We selected seven genes differentially regulated in NMIBC versus MIBC and their expression was analyzed in various bladder cancer cells representing stage-specific disease progression. Among the seven genes analyzed,
CDKN2A and
MAGEA6 showed a progressive increase in the transcript with disease severity, whereas
CTSV,
FOXM1 and
KRT23 gene transcript levels were higher in the carcinoma and metastatic carcinoma cell line. Irrespective of the tumor type,
CDC20 and
CTSV showed higher expression in transitional cell carcinoma. Previous studies have shown abnormal expression of CDC20 in bladder cancer tissue that may serve as a potential diagnostic biomarker for NMIBC [
56]. In addition, CDKN2A, is also designated as a molecular risk factor for tumor progression in NMIBC [
38]. Our data suggest that overexpression of CDKN2A and MAGEA6 are associated with Ta/T1 stage NMIBC. The mRNA expression of seven genes were further confirmed from TCGA database demonstrating that the expression of these genes were markedly higher in bladder cancer compared with normal tissues. Indeed, the expression of CDC20, FOXM1, and MAGEA6 showed higher levels in tumors compared with normal tissues. Further, it will be interesting to validate the above set of genes in stage-specific manner in bladder cancer.
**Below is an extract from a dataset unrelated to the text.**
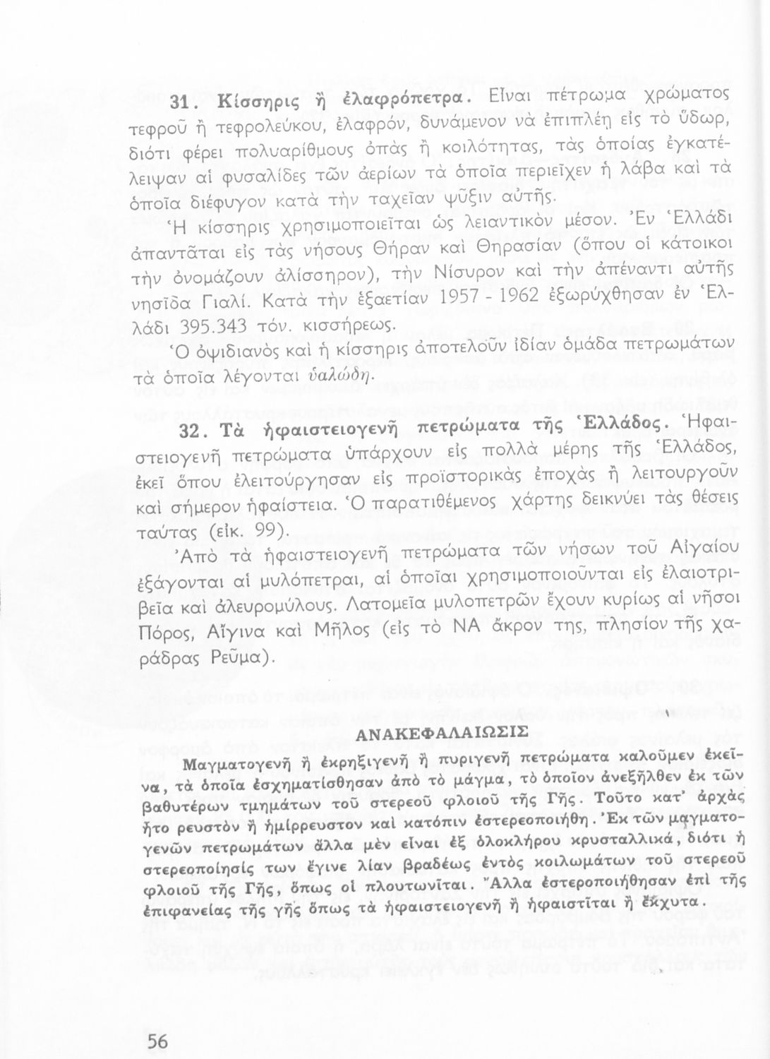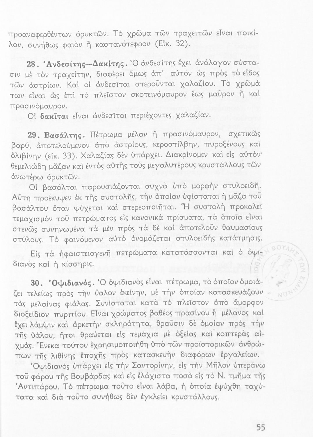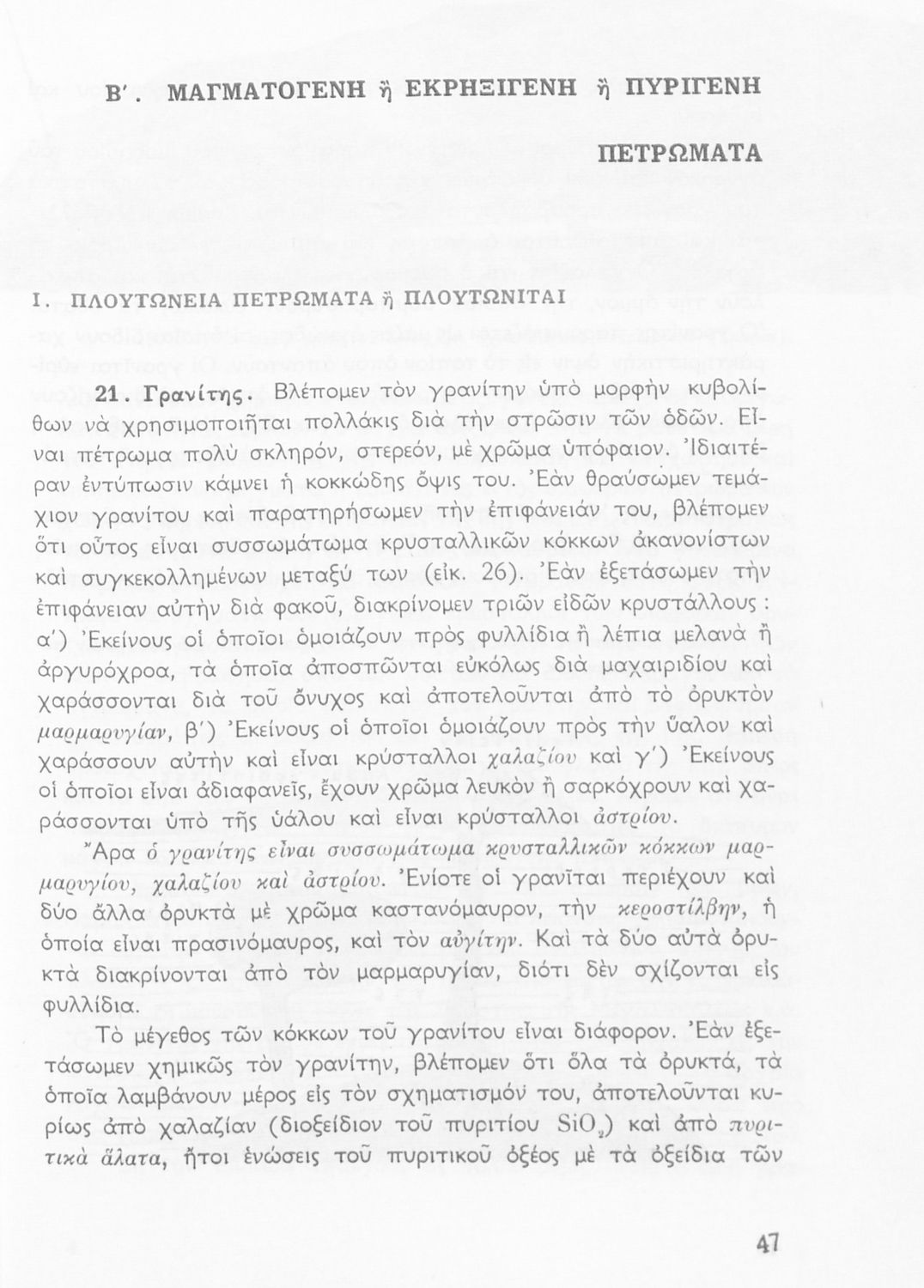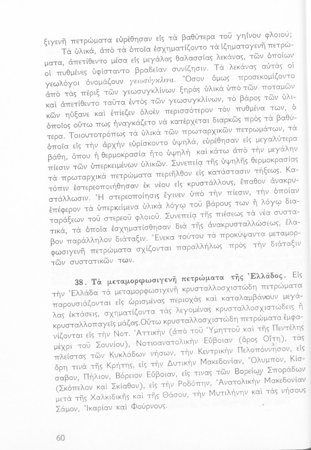 Σχολικό εγχειρίδιο Γεωλογίας/Ορυκτολογίας για τη Β΄ Γυμνασίου που παρουσιάζει τα ορυκτά με βάση την κλάση στην οποία ανήκουν. Περιέχει και πίνακα των γεωλογικών περιόδων.

In order to validate the prognostic significance of the seven selected genes in low-risk NMIBC versus high-risk MIBC tumors, overall survival (OS) and progression free survival (PFS) were estimated using logistic and Cox regression. The results suggested that high expressions of these genes were associated with the malignant progression of bladder cancer. Furthermore, the mRNA expression levels of the subset genes were all significantly higher in MIBC tissues compared with NMIBC, which demonstrated that these seven genes played important roles in the progression of bladder cancer. The effect of expression of these genes were analyzed on survival and tumor aggressiveness in patients with bladder cancer. The univariate analysis of gene expression showed that CDC20 was predictive of OS (p = 0.014). Indeed, univariate analysis of gene expression on PFS using the Cox model showed the CDC20 was predictive of PFS (p = 0.021). Univariate analysis of gene expression data on tumor aggressiveness (NMIBC versus MIBC) using logistic regression showed genes, including CDKN2A, CTSV, FOXM1, and KRT23, were predictive of tumor aggressiveness.
The study has the following limitations and strengths. Firstly, there are a lack of in vivo experiments to validate the mechanisms of the genes in driving bladder cancer. Secondly, the sample size for validation analysis was small; therefore, some potential assays could not be performed. Lastly, NMIBC exhibit a heterogeneous subtype, thus multivariate analysis is needed to control the confounding effects, which requires substantial sample size. Therefore, further research with large sample size is warranted, which remains top priority on our research agenda. The strength of the study is the identification of a subset of seven genes, which are prognostic for bladder cancer. Furthermore, a combination of three gene set has 95.5% sensitivity and 100% specificity to differentiate between high-risk and low-risk disease subtype.